5 Tips to Satisfy Your Sugar Cravings
5 Tips to Satisfy Your Sugar Cravings

The average American eats about 22 teaspoons of added sugar daily. This is around 350 calories.

Removing those calories from our diet will make a huge difference in our weight loss - especially stubborn belly fat.

Related - 17 Tips to Lose Belly Fat Fast

Eating sugar causes chronic inflammation. This affects how we fight off the nasty bug that's going around the office and other bodily functions.

One study actually showed that eating 100 grams of sugar, which is about 32 ounces of soda, reduced white blood cells' ability to fight bacteria by up to 50%.

Sugar's addictive quality makes it hard to give up, and that extra-large caramel macchiato that you get every morning doesn't help at all.

So if you're like me and you want to quit having sugar cravings, let's jump in and check out these five tips.

Deal With Sugar Cravings

#1 - Eat Regularly

Consistently feeding your body a balanced meal throughout the day keeps your blood sugar levels steady.

If fighting hunger makes you cave into finding a quick sugar fix (like myself), make sure your meals contain plenty of protein and fiber to help you feel satisfied. Nutritious fats also prolong satiety and provide great flavor to any dish.

Staying on top of your hunger levels will keep you from feeling the need to grab something sugary.

#2 - Eat Natural Foods

Sticking to naturally sweet foods will satisfy your sweet tooth without sending a wrecking ball of inflammation.

Berries, apples, carrots, pears, sweet potatoes, and even beets are a great way to satisfy your sweet tooth.

These foods are naturally sweet and contain loads of fiber which causes the sugar to get absorbed into your bloodstream slowly.

This helps you skip that sugar crash that will leave you craving more later. A cold piece of fruit is a great way to get a sweet snack while also getting loads of vitamins, minerals, and fiber.

#3 - Sleep Enough

Not getting enough sleep affects your mental and physical performance. On top of that, your hunger hormones are thrown out of whack.

When you are sleep deprived, your body produces more ghrelin, which is why you always seem hungry.

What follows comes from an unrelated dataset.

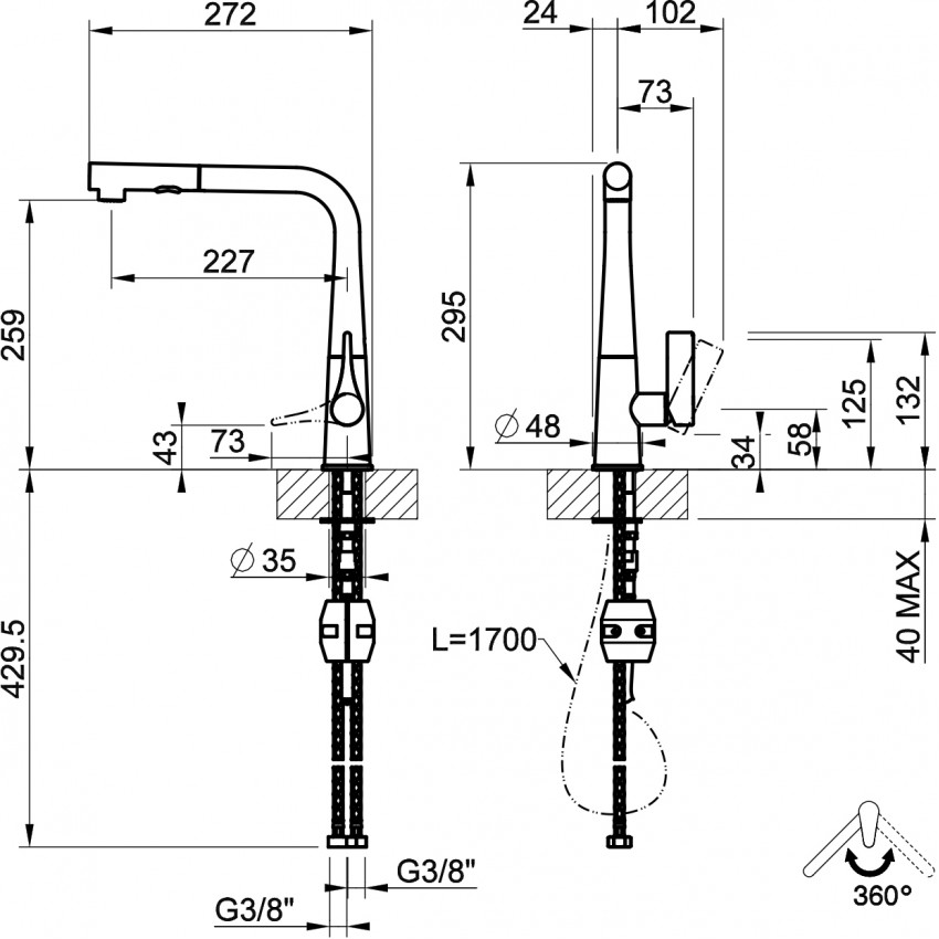 Модель 17177 — однорычажный кухонный смеситель с выдвижным изливом и двухструйным душем, разработанный для удобного и гибкого ежедневного использования. Переключение между двумя режимами подачи воды позволяет адаптировать поток под разные задачи — от мытья посуды до ополаскивания рабочей зоны. Поворот излива на 360° обеспечивает свободу движений и повышает функциональность кухонного пространства.

One study showed that men who were sleep deprived ate an average of 340 additional calories than their well-rested counterparts. Most of these calories were from sweet snacks.

Not getting enough sleep has also been associated with drinking more caffeinated sugary sodas.

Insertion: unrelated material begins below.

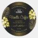Make a lasting impression with this elegant and exotic product label design featuring shimmery gold hawaiian flowers and palm leaves on a black background. A cool palm leaf shadow matching to the shimmering dark brown border frame.

It's no surprise that getting enough sleep is important, but getting an extra hour of sleep can be the difference between keeping your diet in check and completely derailing your efforts.

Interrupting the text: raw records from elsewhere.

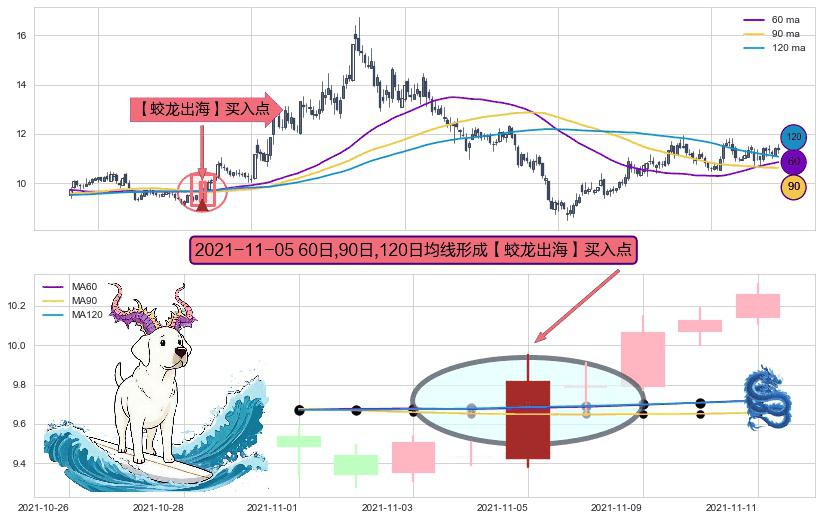 ⚀ 2021-11-05日显现 60日-90日-120日均线 【蛟龙出海】买入点 看多信号,后市看涨,买入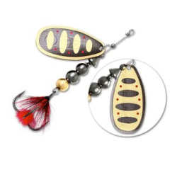 Лепесток блесны Pontoon 21 Synchrony прежде всего отличается своим декором – он двусторонний и к тому же еще и реверсивный. При вращении лепестка удалось добиться оригинального эффекта, близкого к объемному изображению. Хищник видит мельтешащий, провоцирующий рисунок лепестка под любым углом обзора. Это ли не повод для атаки?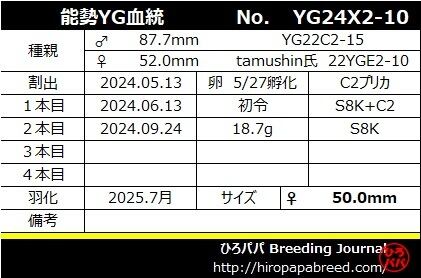 オオクワガタ能勢YG血統 ♀単品50.0mm(YG24X2-10)

#4 - Keep Your Gut in Check

Your gut bacteria have been shown to sway what you crave.

Changing up the micro bacteria in your gut will curb cravings and help your body "want" healthier foods.

Fermented foods like yogurt, kefir, kombucha, tempeh, sauerkraut, and kimchi all have probiotics that are great for your gut and allow more good bacteria to grow.

Shout out to Papa G's vegan restaurant for introducing me to a TLT (Tempeh, Lettuce, Tomato) sandwich that actually rivals a real BLT.

Quit being afraid to try new things, you'll seriously surprise yourself.

#5 - Eat Bitter Foods

Bitter foods are the opposite of sweet foods. Eating bitter foods have been shown to help slide back the scale of your sweet tooth. No, I'm not talking about eating sour patch kids.

Bitter foods like grapefruit, leafy greens, Brussels sprouts, and radishes all have a unique "bite" to them.

Another great thing about eating bitter foods is that when you do eat something sweet, they will taste sweeter.

Wrapping It Up

The more you cut back on sugar, the easier it is to eliminate it. There is one more thing I'd like to mention; all sugars are not created the same.

The sugar you eat from a banana or a couple of oranges is not the same sugar you get in a can of soda. So find a fruit that you enjoy and start replacing your sugary snacks with them.

It can be hard at first, but it works.

Your taste buds turn over around every 21 days, just like other cells in our bodies. The longer we cut out sugar and start eating well-balanced nutritious foods, the fewer sweet-craving taste buds we will have left.

Look, you know sugar is bad for you, right? Eating sugar in moderation and limiting yourself to enjoying a reasonable amount is fine.

Eating sugar becomes a problem when everything you eat has highly-processed sugars and no nutritional value at all. So start slowly incorporating healthier foods into your diet and start cutting out as much sugar as possible.